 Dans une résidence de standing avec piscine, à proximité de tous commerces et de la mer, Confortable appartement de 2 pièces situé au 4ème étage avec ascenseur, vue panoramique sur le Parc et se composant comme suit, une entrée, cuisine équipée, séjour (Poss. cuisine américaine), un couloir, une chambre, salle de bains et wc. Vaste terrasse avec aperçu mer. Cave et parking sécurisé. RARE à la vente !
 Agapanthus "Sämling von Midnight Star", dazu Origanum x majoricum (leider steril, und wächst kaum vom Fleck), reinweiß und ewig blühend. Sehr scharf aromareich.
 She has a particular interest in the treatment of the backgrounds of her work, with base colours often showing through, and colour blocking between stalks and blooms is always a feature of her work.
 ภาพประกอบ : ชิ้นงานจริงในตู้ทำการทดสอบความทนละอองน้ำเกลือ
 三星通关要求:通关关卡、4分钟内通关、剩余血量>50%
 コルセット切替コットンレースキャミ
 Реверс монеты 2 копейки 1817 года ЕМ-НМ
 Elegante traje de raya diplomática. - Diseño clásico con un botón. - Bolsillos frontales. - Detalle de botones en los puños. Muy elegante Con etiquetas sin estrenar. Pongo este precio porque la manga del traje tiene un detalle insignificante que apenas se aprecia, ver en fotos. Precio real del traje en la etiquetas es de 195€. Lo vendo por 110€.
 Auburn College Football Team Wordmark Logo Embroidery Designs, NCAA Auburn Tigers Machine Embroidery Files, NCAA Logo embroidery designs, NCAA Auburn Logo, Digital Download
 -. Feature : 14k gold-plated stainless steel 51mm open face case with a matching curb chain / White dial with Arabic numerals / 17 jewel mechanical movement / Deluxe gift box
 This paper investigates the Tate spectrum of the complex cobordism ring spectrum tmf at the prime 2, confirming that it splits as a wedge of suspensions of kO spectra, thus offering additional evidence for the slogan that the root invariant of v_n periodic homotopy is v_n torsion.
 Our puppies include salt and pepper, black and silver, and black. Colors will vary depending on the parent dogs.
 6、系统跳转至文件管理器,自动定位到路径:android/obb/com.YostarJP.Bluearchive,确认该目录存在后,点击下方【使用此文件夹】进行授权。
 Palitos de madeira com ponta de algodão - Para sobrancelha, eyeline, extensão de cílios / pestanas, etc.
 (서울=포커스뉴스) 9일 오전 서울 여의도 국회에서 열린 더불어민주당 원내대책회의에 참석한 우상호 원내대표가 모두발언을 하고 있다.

- - -

▸ Goal of the exercise
Where a line above contains the string "with", tally it, then give the number alone.

▸ Response
2